Generally that would eventually trigger a timeout which would be reported
by the device layer, but some device drivers fail to recover from those.
If the device is truly hung, then you wouldn't be able to access the
device while the filesystem is locked up. Try this command (with "..."
replaced with the device name):
dd if=/dev/... of=/dev/null bs=4k status=progress
If it shows progress as data is read from the device, then the device
isn't hung. If it shows very slow progress (like <100K per 5 seconds)
then the device isn't hung, but it is having some kind of problem
that needs to be addressed (pick a different device model, add a heat
sink, replace a failing device, replace a failing HBA, whatever).
This looks like a more conventional btrfs deadlock bug, though:
everything seems to be waiting for a fsync on a directory. You might
try a different kernel, either the previous LTS (5.10) or the next one
(5.15) or the current release (5.17) to see if it is already resolved.
If it still happens on a current release, try
echo w > /proc/sysrq-trigger
echo d > /proc/sysrq-trigger
and post the logs.
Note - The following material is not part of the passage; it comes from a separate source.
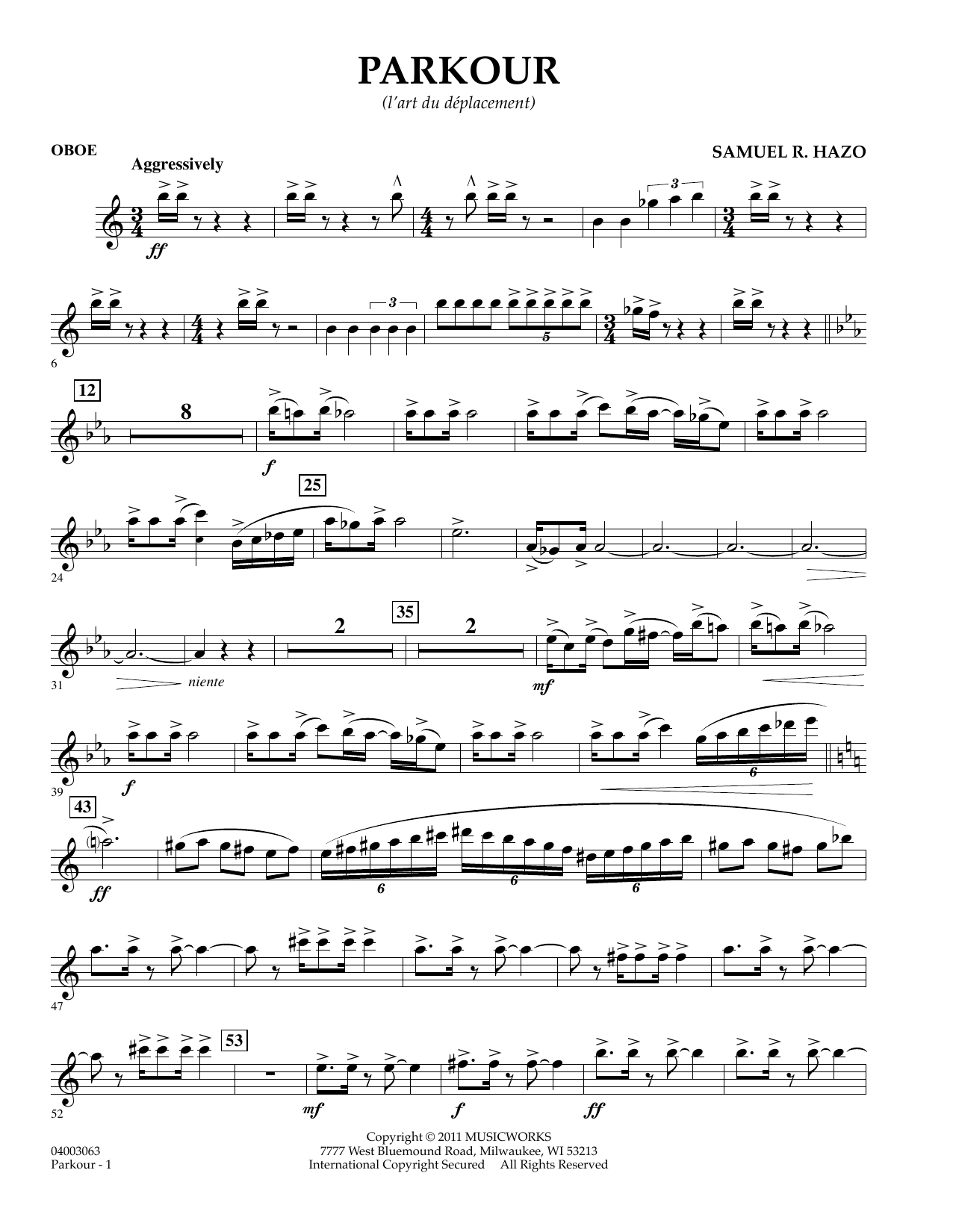 Combining brash and aggressive rhythmic figures along with more gentle moments and inventive textures, this impressive work by Samuel Hazo is truly a standout for advanced bands. The piece is built around a four-note motif, which is developed and expanded throughout. A middle section features more of a jazzy flavor with saxes in the spotlight accompanied by finger snaps. The rhythmic intensity returns, building towards a glorious full ensemble affirmation and bringing this exciting work to a powerful conclusion.
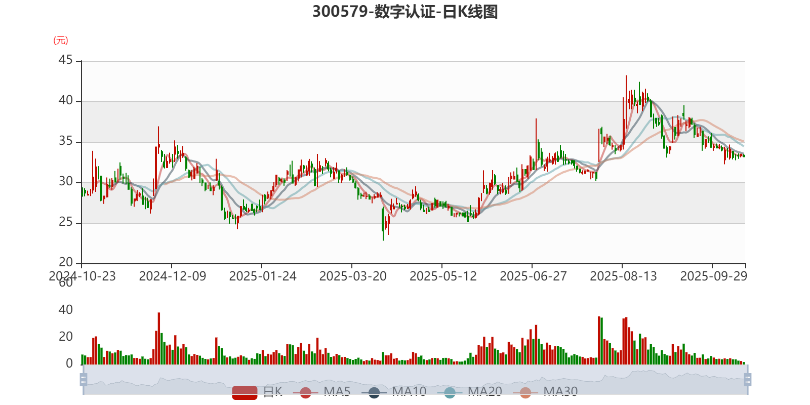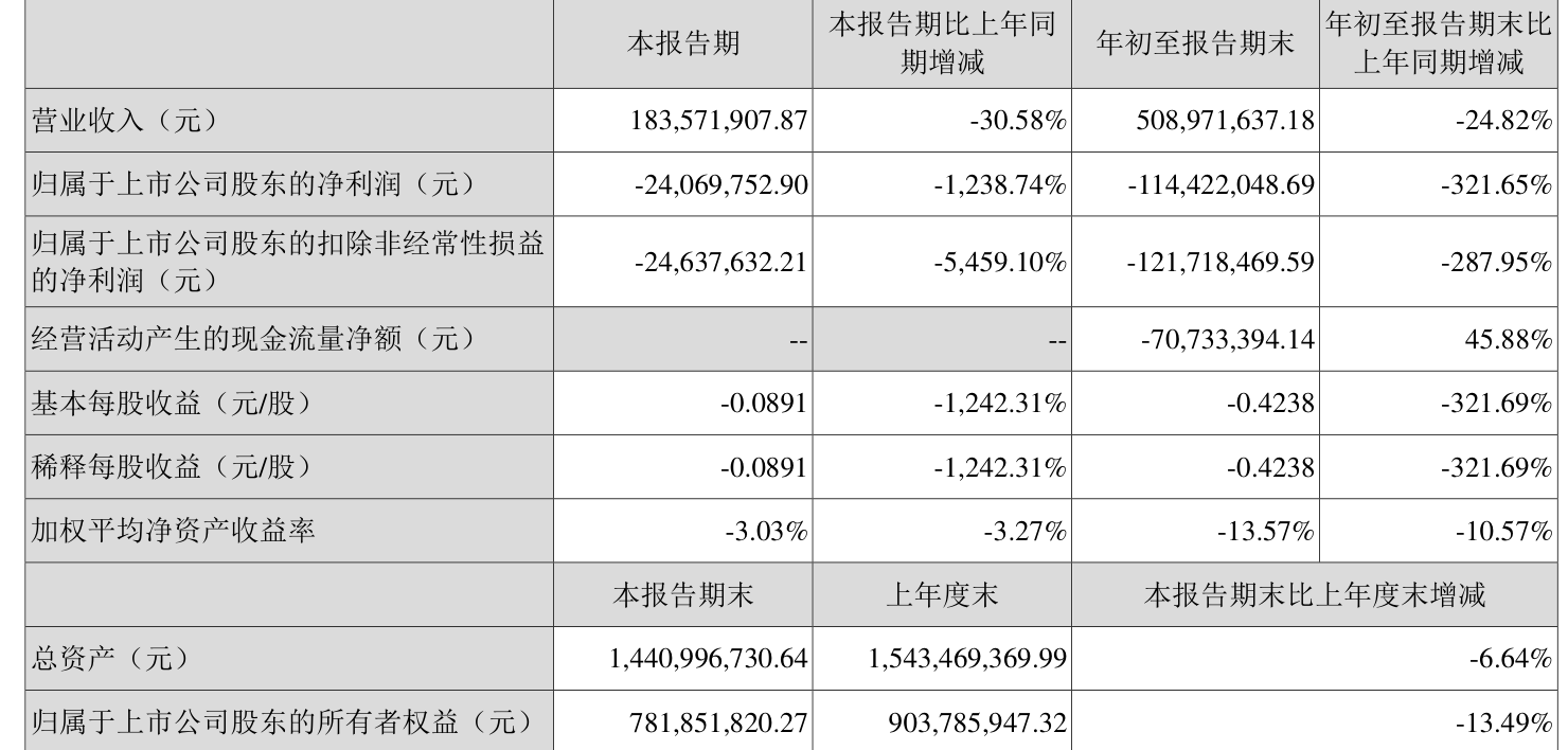 中证智能财讯数字认证(300579)10月23日披露2025年第三季度报告。前三季度公司实现营业总收入5.09亿元,同比下降24.82%;归母净利润亏损1.14亿元,上年同期亏损2713.69万元;扣非净利润亏损1.22亿元,上年同期亏损3137.48万元;经营活动产生的现金流量净额为-7073.34万元,上年同期为-1.31亿元;报告期内,数字认证基本每股收益为-0.4238元,加权平均净资产收益率为-13.57%。

Maybe someone can figure out what the deadlock is.
> Pierre
>
> --
> Lanthanidia deliciosa: What the kiwifruit would be
> if it weren't so radioactive.
next prev parent reply other threads:[~2022-04-04 23:14 UTC|newest]
Thread overview: 5+ messages / expand[flat|nested] mbox.gz Atom feed top
2022-03-10 10:56 Computer stalled, apparently from filesystem corruption Pierre Abbat
2022-03-12 2:48 ` Zygo Blaxell
2022-04-03 6:14 ` Pierre Abbat
2022-04-04 23:05 ` Zygo Blaxell [this message]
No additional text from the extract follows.